Goldilocks and The Three Dinosaurs
- Author: Mo Willems
- Cover artist: Willems
- Language: English
- Genre: Children's Book
- Published: September 1, 2012
- Publisher: Balzer and Bray
- Publication place: United States
- ISBN: 9780062104182

= Goldilocks and the Three Dinosaurs =

2012 children's picture book by Mo Willems

Goldilocks and the Three Dinosaurs is the title of a children's picture book by Mo Willems. Published in 2012 by Balzer and Bray, it is a parody of the traditional tale of "Goldilocks and the Three Bears" but the bears are replaced with Dinosaurs.

==Reception==
Kirkus Book Reviews called it "Top-notch for group storytime, for a project on revising classics or just for enjoyment; funniest for kids who know the original." A review from Publishers Weekly praised the book's humour and commented that it is "a sure bet for audiences who have moved beyond more gently witty fare". Regan McMahon, reviewing from Common Sense Media, stated that the book is an "exceptional delight" with an art style that included "sly elements to entertain adults".

==Adaptations==
Weston Woods Studios produced a short film adaptation in 2015 with animation by Pete List.

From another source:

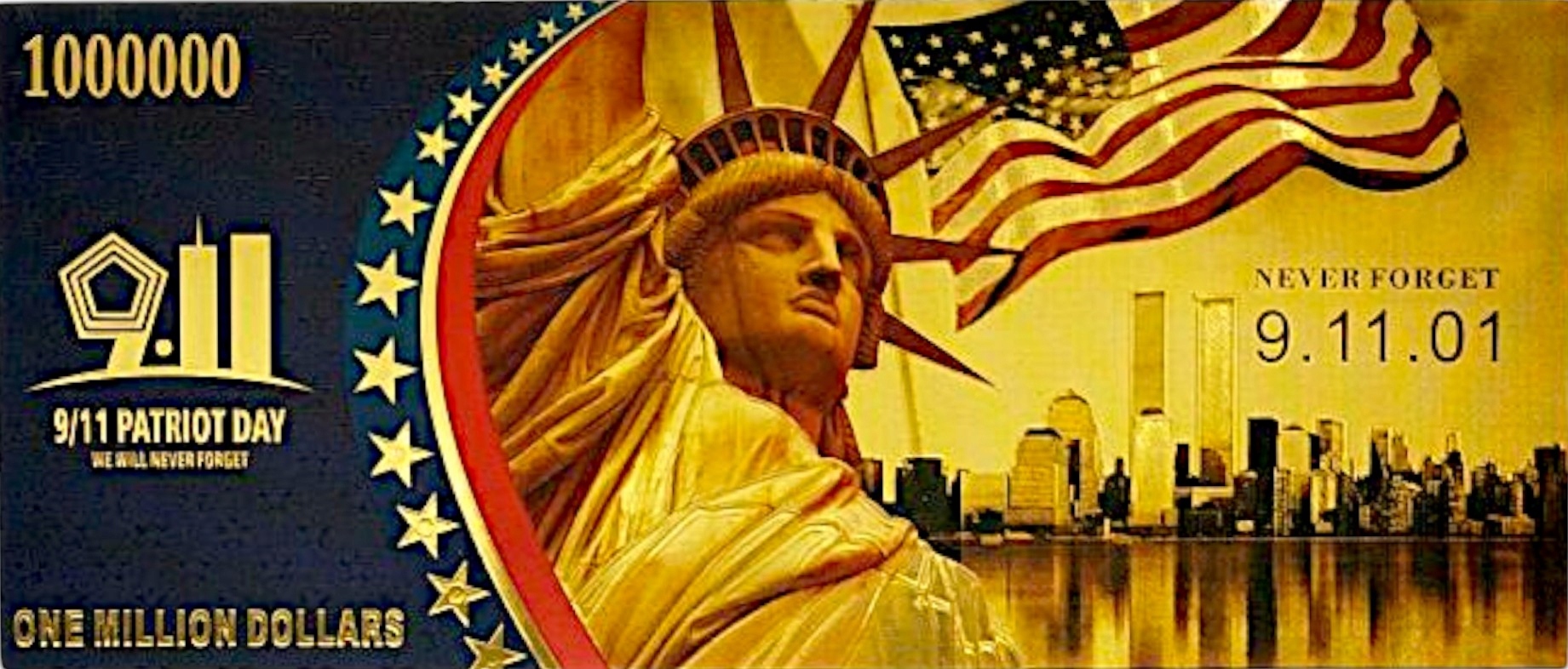 11 сентября WTC Anniversary Beautiful Collector's Banknote с PVC Gift 9.11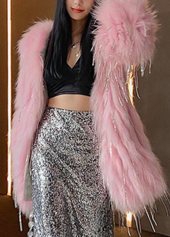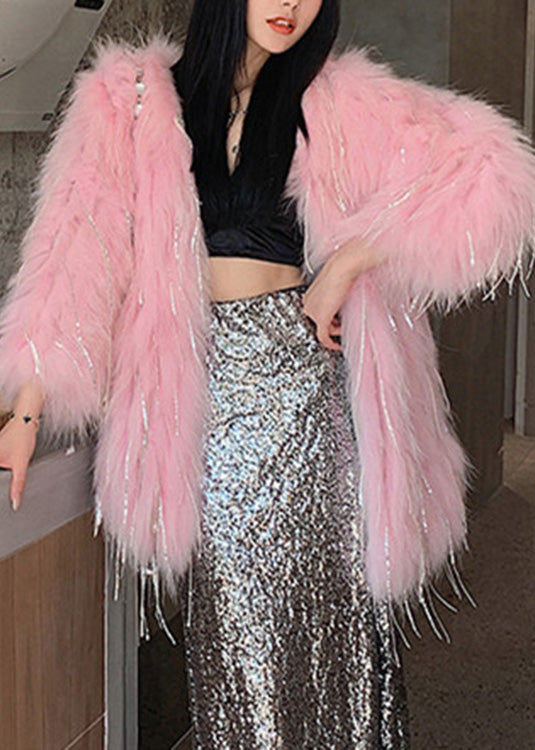 Rosa Kunstpelz Kragen Knopf Leder und Pelz lange Mäntel Winter

Willems adapted the book for the stage with original music by Ben Folds. The work was performed by the National Symphony Orchestra in April 2022 at the Kennedy Center in Washington, D.C. and featured performances by Evan Casey, Montego Glover, Erika Rose, Andrew Ross Wynn, and Tony Yazbeck with direction by Willems. The Nashville Symphony produced the work in March 2023, with performances by Kenzie Wynne, Galen Fott, Nettie Kraft, Kit Bulla, and Charles Edward Charlton, and with Enrico Lopez-Yañez conducting.